_Your objective_. An exact copy is needed of the lines in the entries below from the line with "Alla Payload Hazardous" up to and including the line with "二、对美国破坏全球产供链相关做法和措施发起贸易壁垒调查。这是不得了呀!回旋镖?", and of nothing else. Leave the pictures out.

_Records for the task_.

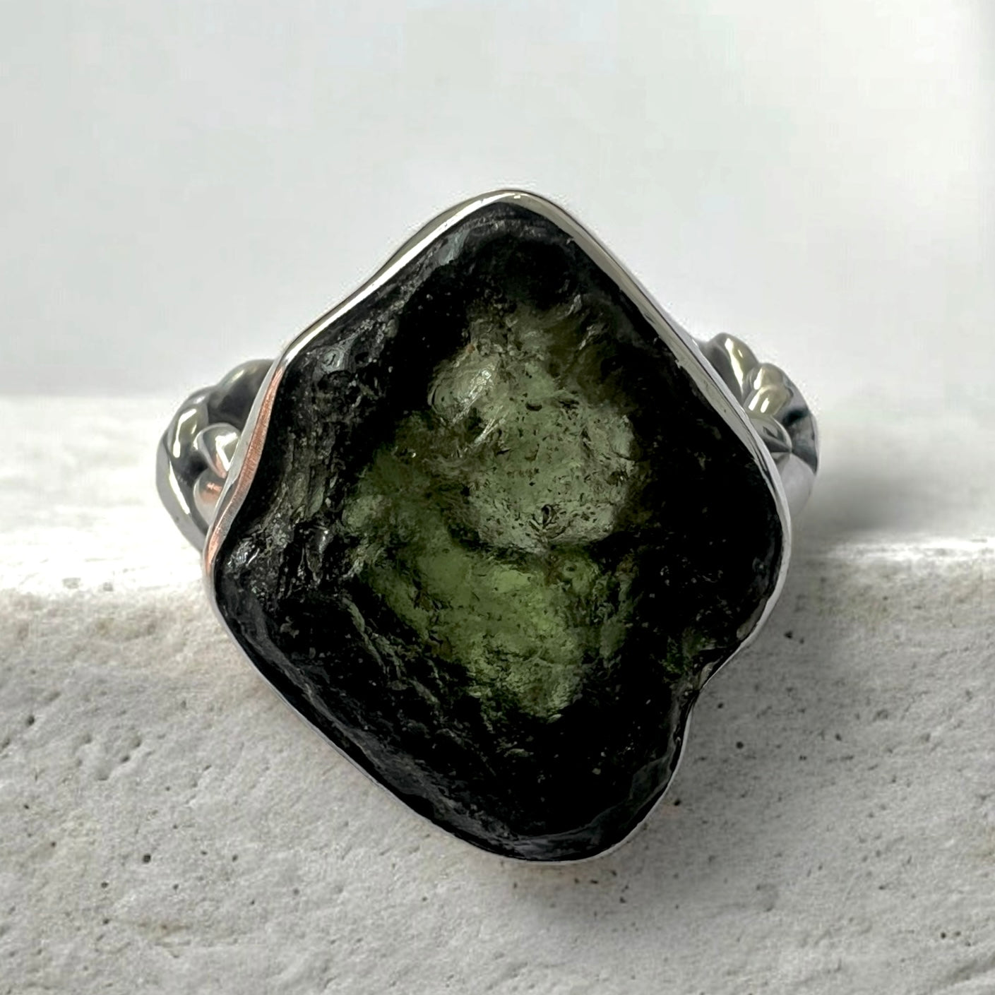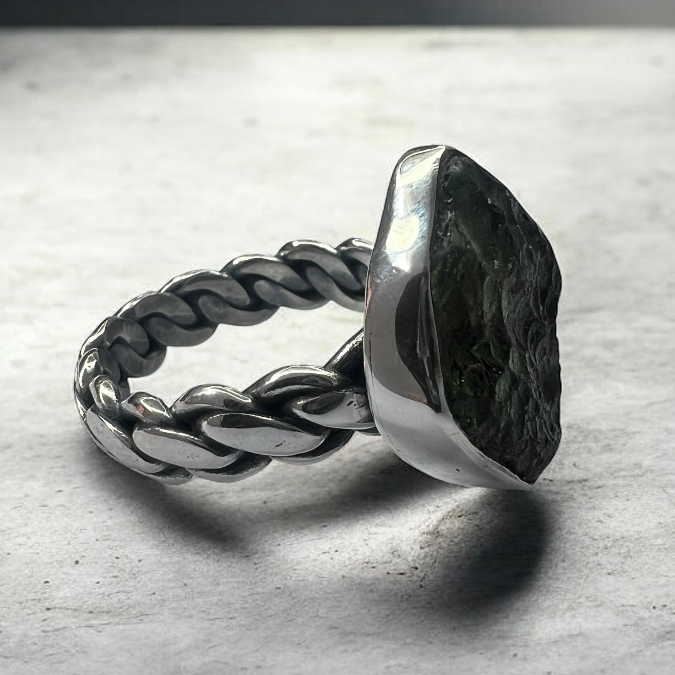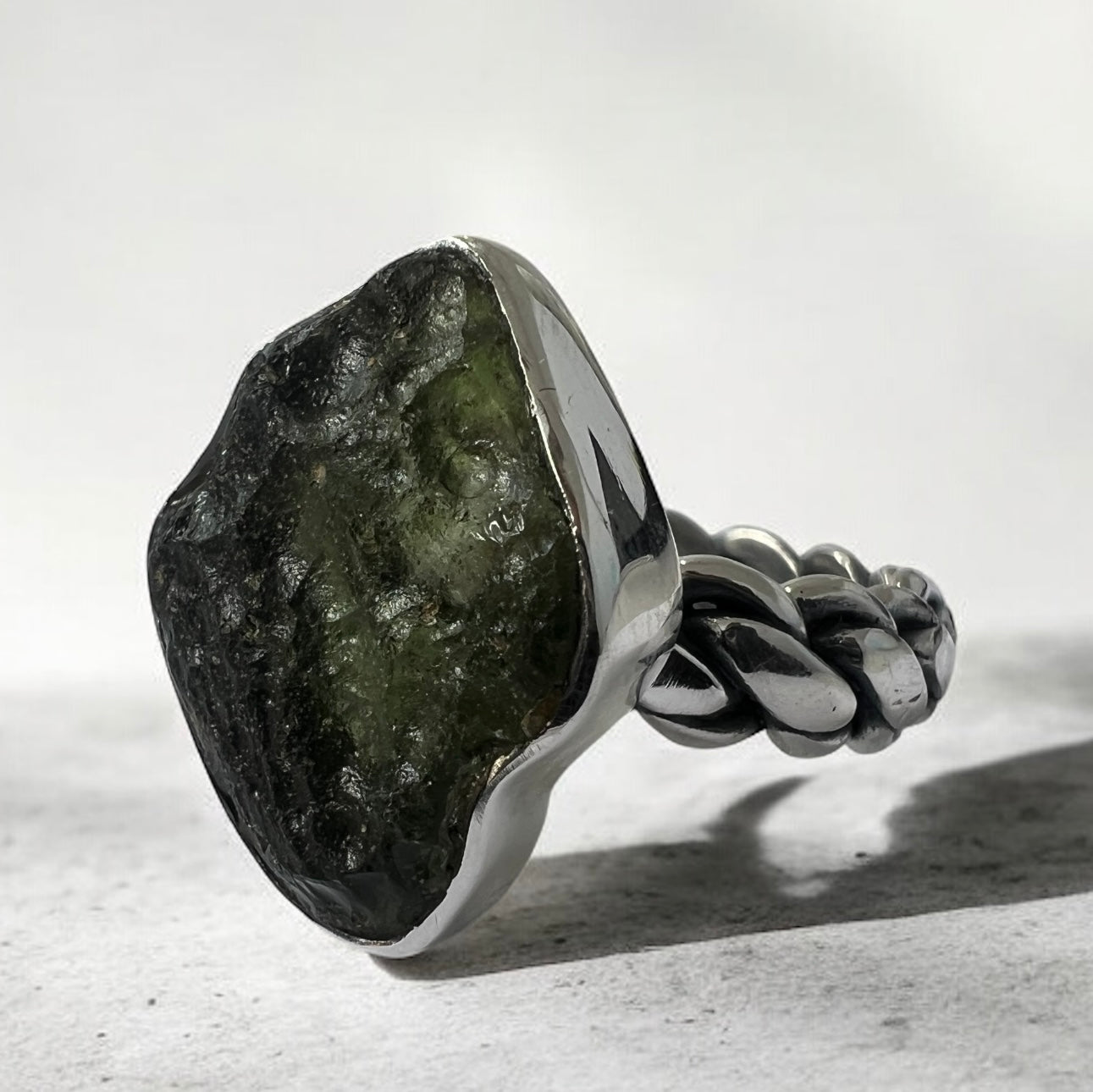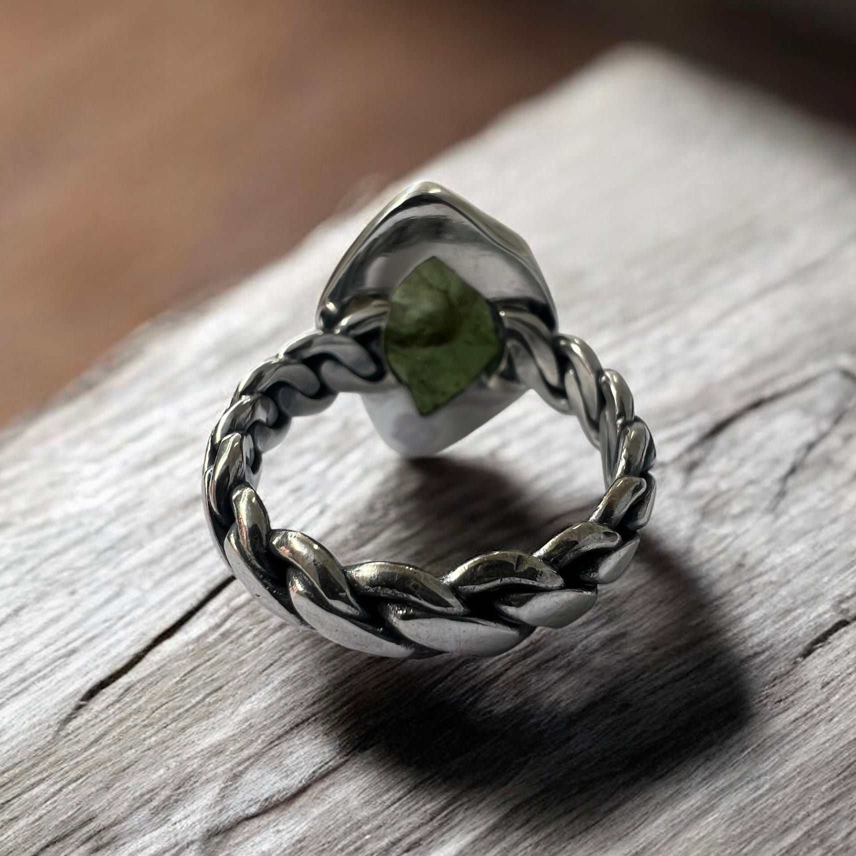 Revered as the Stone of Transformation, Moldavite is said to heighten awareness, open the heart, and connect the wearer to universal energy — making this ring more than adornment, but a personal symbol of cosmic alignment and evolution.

---

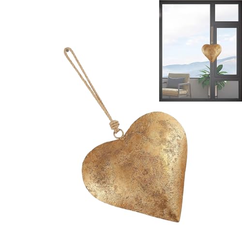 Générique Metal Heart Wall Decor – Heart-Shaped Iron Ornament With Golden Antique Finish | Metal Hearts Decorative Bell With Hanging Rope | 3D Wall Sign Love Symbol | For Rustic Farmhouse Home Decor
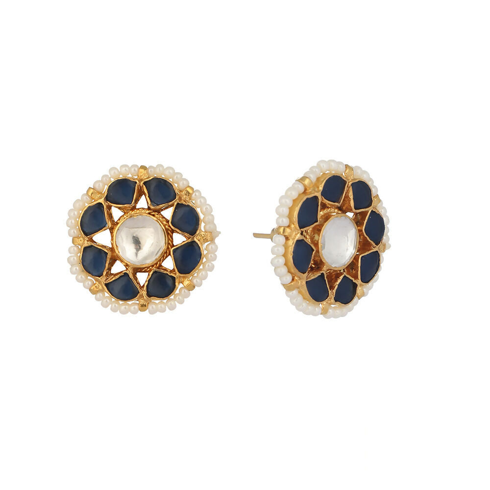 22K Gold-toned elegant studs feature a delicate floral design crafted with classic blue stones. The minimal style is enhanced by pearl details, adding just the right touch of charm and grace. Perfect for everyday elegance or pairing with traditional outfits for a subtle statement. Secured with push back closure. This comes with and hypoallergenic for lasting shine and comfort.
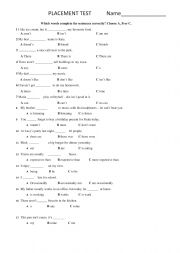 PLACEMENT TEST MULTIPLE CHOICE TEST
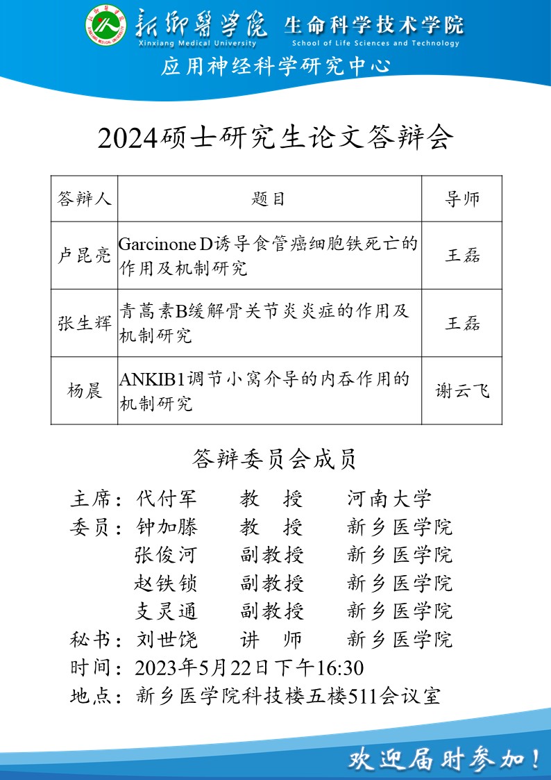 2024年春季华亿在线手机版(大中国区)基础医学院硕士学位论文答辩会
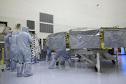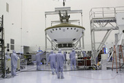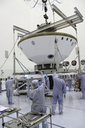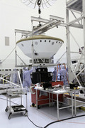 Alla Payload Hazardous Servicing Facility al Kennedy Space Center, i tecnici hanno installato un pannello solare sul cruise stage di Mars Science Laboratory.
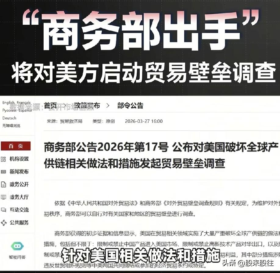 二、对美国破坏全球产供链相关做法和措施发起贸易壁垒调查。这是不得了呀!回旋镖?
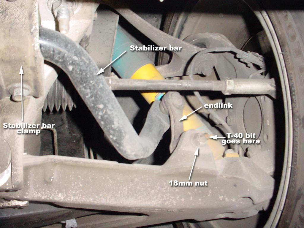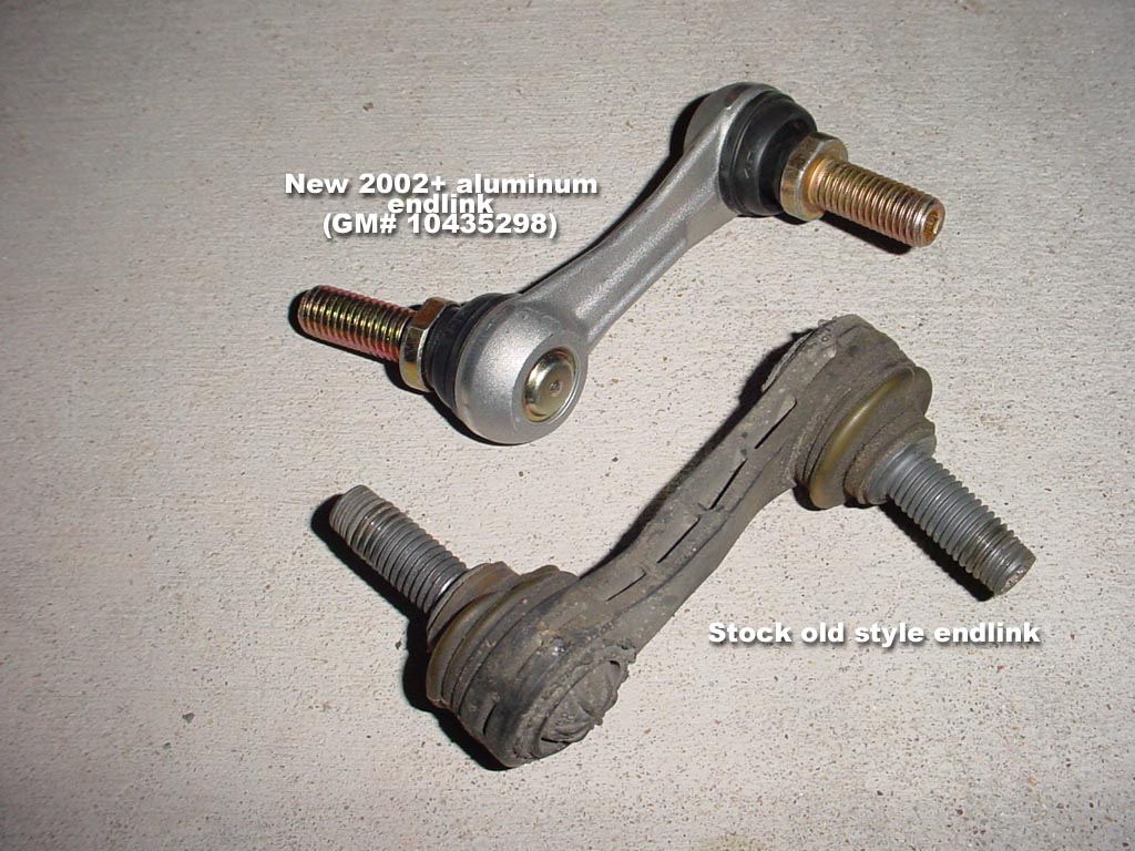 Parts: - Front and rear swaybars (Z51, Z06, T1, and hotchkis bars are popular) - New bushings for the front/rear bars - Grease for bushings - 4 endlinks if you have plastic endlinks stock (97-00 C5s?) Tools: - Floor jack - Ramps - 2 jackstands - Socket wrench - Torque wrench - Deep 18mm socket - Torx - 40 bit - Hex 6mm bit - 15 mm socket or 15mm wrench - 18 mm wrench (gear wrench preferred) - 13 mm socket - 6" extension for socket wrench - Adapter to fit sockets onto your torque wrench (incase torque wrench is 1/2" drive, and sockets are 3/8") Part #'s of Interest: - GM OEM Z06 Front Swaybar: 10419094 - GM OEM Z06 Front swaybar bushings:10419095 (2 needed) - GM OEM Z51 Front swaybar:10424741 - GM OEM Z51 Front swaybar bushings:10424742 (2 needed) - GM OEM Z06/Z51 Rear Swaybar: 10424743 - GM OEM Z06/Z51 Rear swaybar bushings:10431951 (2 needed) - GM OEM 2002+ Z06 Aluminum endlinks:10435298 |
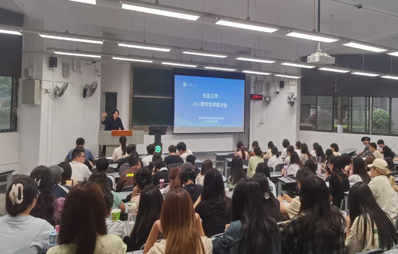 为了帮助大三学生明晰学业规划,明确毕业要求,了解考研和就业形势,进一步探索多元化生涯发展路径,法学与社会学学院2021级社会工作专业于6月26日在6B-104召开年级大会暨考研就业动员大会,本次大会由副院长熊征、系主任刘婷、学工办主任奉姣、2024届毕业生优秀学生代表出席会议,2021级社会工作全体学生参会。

---

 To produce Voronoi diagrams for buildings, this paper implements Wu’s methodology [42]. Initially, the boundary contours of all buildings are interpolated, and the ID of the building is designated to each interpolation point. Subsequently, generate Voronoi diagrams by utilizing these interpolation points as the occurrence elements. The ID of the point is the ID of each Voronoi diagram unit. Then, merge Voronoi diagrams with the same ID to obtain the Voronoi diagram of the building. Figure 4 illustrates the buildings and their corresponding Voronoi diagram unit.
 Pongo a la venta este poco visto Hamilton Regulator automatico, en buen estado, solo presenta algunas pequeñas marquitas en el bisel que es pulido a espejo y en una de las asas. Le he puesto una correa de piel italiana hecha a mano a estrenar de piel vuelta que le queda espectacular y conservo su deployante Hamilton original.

_Task response_.
 Alla Payload Hazardous Servicing Facility al Kennedy Space Center, i tecnici hanno installato un pannello solare sul cruise stage di Mars Science Laboratory.
 二、对美国破坏全球产供链相关做法和措施发起贸易壁垒调查。这是不得了呀!回旋镖?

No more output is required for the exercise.